В дверь коротко стукнули и, не дожидаясь ответа, в комнату вошел Котик. Скользнул взглядом по рукам, цепляющимся за мою шею, и выдохнул:

– Жива.

И это слово, произнесённое негромким голосом, словно выключило поток слёз, казавшийся до этого нескончаемым. Лёшка всхлипнула в последний раз и, вытерев ладонью нос, проговорила слегка охрипшим от рыданий голосом:

– Как хорошо, что ты вернулась! Я… Я пойду умоюсь, ладно? – и, не поднимая на Котика глаз, смущённой розовой тенью выскочила в коридор.

– Она в тебя влюблена, ты знал? – заметила я, когда за девчонкой закрылась дверь. – Только не говори ей, что я проболталась.

– Не скажу, хотя думаю, ты ошибаешься, – приятель опустился на корточки возле моей кровати и взял меня за руки. – Оль, давай помиримся, а?

Помиримся? Я прислушалась к себе, проверяя, на месте ли обида и злость, которые совершенно точно были там после его выходки.

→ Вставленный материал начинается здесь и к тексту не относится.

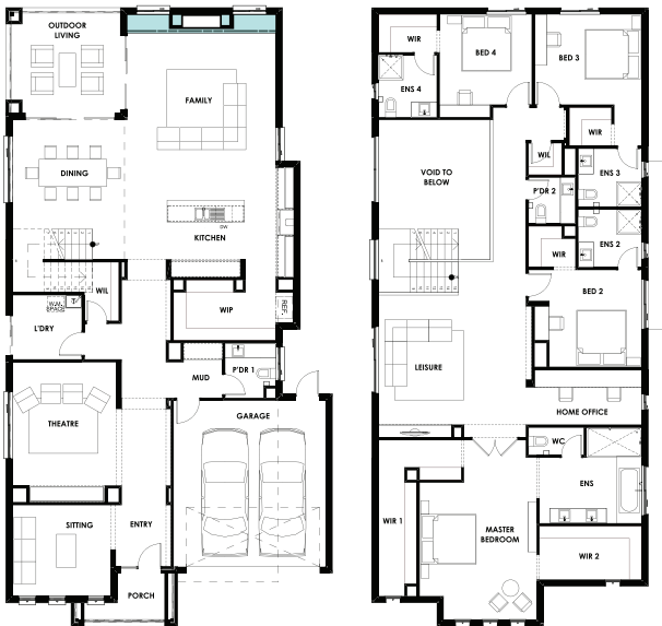
FIRE PLACE OPTION

Наверное, в какой-то степени, в произошедшем была виновата и я сама. Внимательнее надо было относиться к традициям и правилам нового места. А меня жизнь ничему не учит, как видно, потому что я вдруг вспомнила слова Зверя о Доске почёта. А ещё вспомнила, что так и не нашла времени, чтобы что-то разузнать об этом. Следом за этим память услужливо предложила картинку, на которой я проснулась сегодня утром в Северовских объятиях, нескромных, но страшно притягательных. Вспомнила задумчивые взгляды Зверёныша и Берёзы и покраснела.

– Не злись, прошу! – воскликнул Котик, приняв моё смущение за злость. – Я страшно переживаю из-за того, что сделал. Прости, пожалуйста, – он прижался лицом к моим коленям, а я приподняла руки вверх, не зная толком, что делать в такой ситуации. Раздражённо закусила губу, понимая, что, очевидно, нынешний момент не самый лучший для того, чтобы спросить у парня о Доске почёта.

– Даня, прекращай!

– Не-а! – он мотнул головой, отказываясь подниматься и менять положение. – Сначала прости!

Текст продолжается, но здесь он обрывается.